My daughter’s badass namesake — and her ties to Ukraine

Michael Roy
Michael Roy
Published in
3 min readFeb 25, 2022
Source: Reuters

I was sitting in my living room last night after Russia launched its invasion of Ukraine, and I find myself thinking about my 2-year-old daughter’s namesake, and how her story led right through the last invasion of Ukraine 80 years ago.

We call our daughter Frankie — but her name is Frances after my baba (grandmother) on my dad’s side. She was born in a Polish village called Snovidovich (which no longer exists) sometime around 1913 — shortly before the First World War.

Edit (2/26/22): my brother learned that Snovidovich does in fact still exist as a small village in north-central Ukraine today.
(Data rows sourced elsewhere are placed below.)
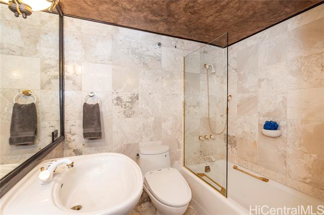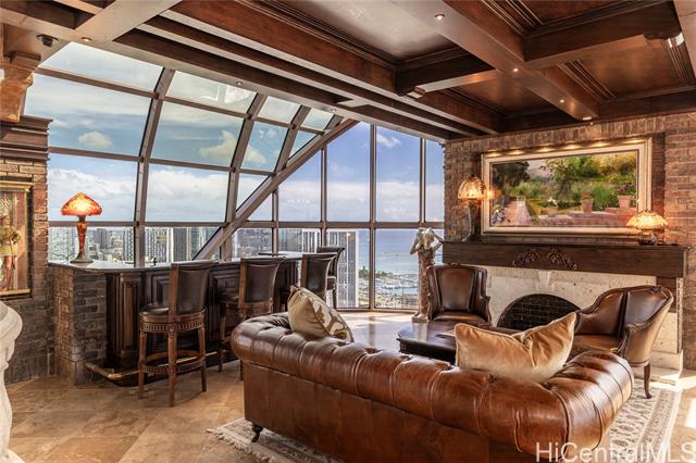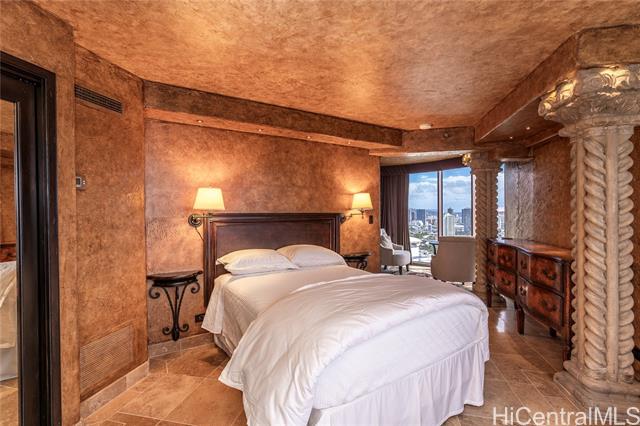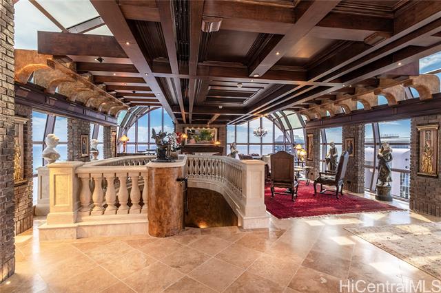One of the kind of properties that can't find any other places in Hawaii. It's presenting an European Villa. Private elevator entrance from 42nd floor and entering a space that made of imported, antique-style brick; marble statues adorn various points around the perimeter, all about 400 years old and looking as stratight out of the Louvre. One Waterfront Towers is located at the very est border of Kakaako and Downtown Honolulu. This location has plenty of walkable options including Salt, Resturant Row, Down to Earth, H-Mart and more. Those who work downtown will find this a very convenient commute and livable location. It's possoble to purchase the next GPH 4502 together to take out whole floors.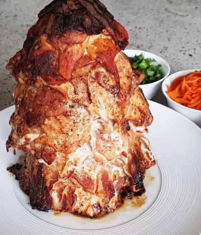 Берем толстую шпажку, закрепляем ее в картофеле и нанизываем на нее наше мясо, сверху закрепляем помидором. Отправляем в духовку на 40 минут при 200 градусах. После чего готовую часть курицы отрезаем и оставшуюся часть снова отправляем в духовку на 15 минут. После этого обрезаем этапами готовое мясо.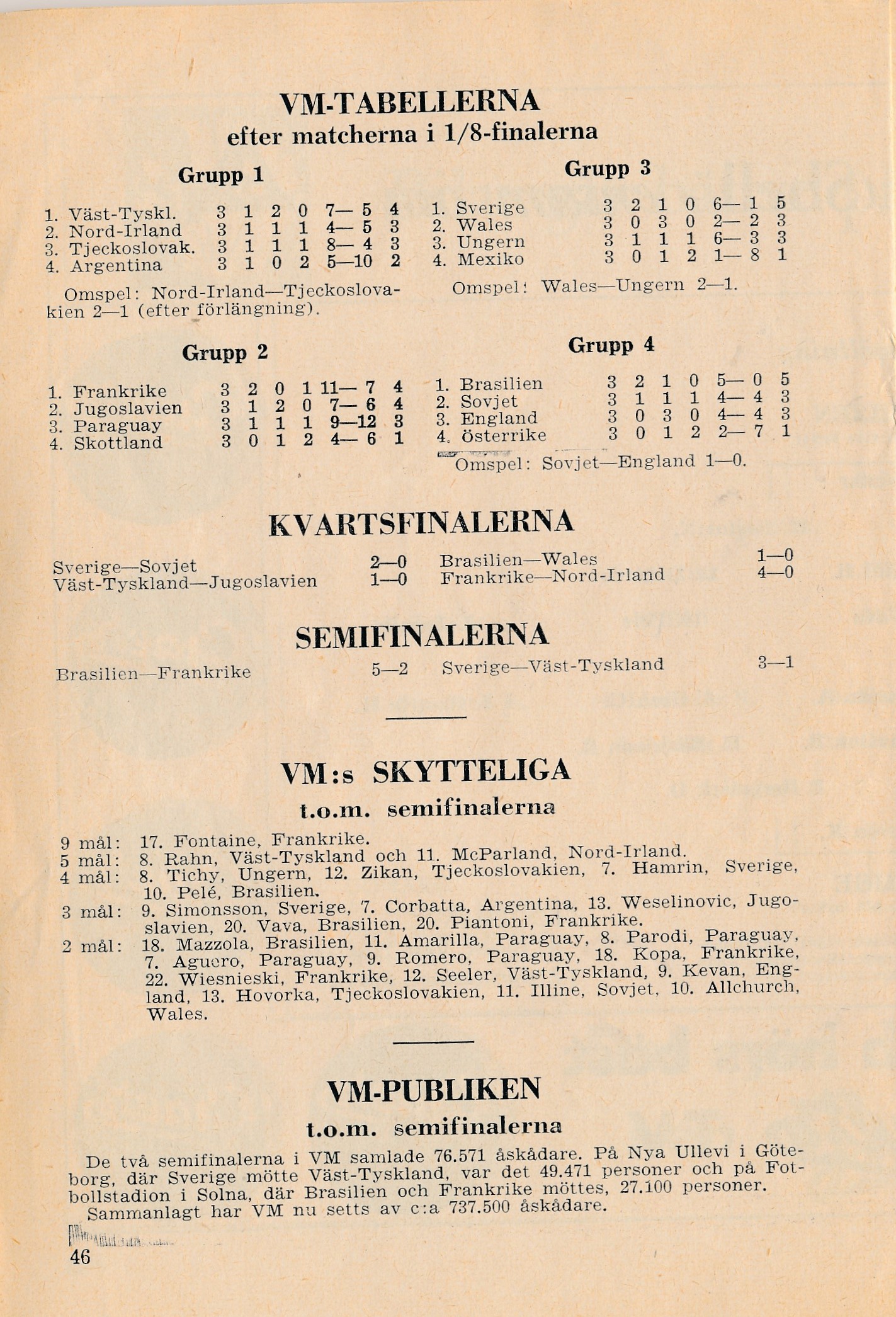 Också Sverige hade en hel del att fira. VM-silvret var den största framgången någonsin, och turneringen hade varit en ekonomisk och organisatorisk succé. Att Brasilien vann guldet ansågs vara synnerligen rättvist, och att de gjort det på ett publikfriande och sportsligt sätt gjorde finalförlusten lätt att bära för både landslag och publik. Källa: Wikipedia Youtube.

When the Second World War began and Poland was invaded by Nazi Germany and the Soviet Union, Frances was in her late 20s. As a young Jewish woman living in Soviet-occupied Poland, she already had plenty to fear from the Soviets and the pogroms (anti-Jewish riots) that were common in the region. But even in Soviet territory, she had a pretty good idea of what was happening to Jewish people in Nazi-held Poland.

In 1941, when Germany launched its invasion of the USSR, Frances fled east — trying to stay ahead of the advancing German front. From Poland, she travelled by train, wagon, and foot across the entirety of Ukraine — doing whatever she could to stay ahead of the advancing German army. She was the only one of her six siblings to stay ahead of the rapidly advancing front lines.
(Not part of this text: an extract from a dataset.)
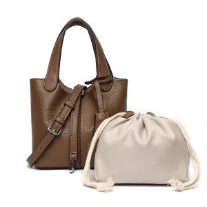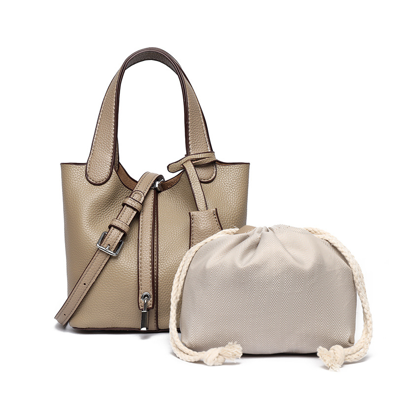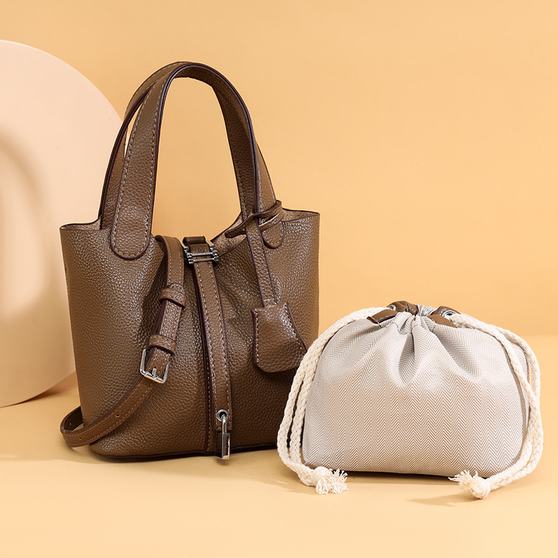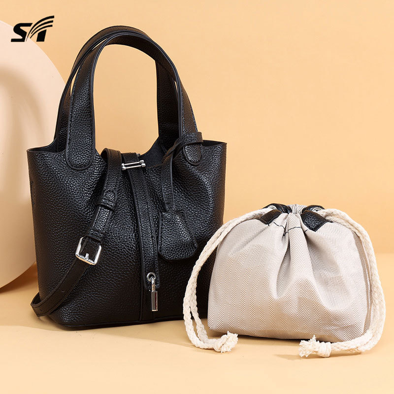 Bagure de sac à main en sac de godet en cuir en cuir authentique à carres de vache supérieure

She made her way through Russia and into Soviet Kazakstan — where she got up to some crazy exploits to survive. She worked on (and stole potatoes from) a Soviet farm (labour camp, really). She became the only woman to work in a men’s only brick factory by challenging the foreman that she could make more bricks in a day than the men. She was a badass who — after the war — took her 2-year-old son (my dad) to try to run the British blockade of Palestine, and eventually made her way to Winnipeg via Pier 21 in Halifax. But those are all tales for another time.

© UNICEF/Ashley Gilbertson. Soldiers and students walk on a street in Krasnohorivka, Donetsk Oblast, Ukraine.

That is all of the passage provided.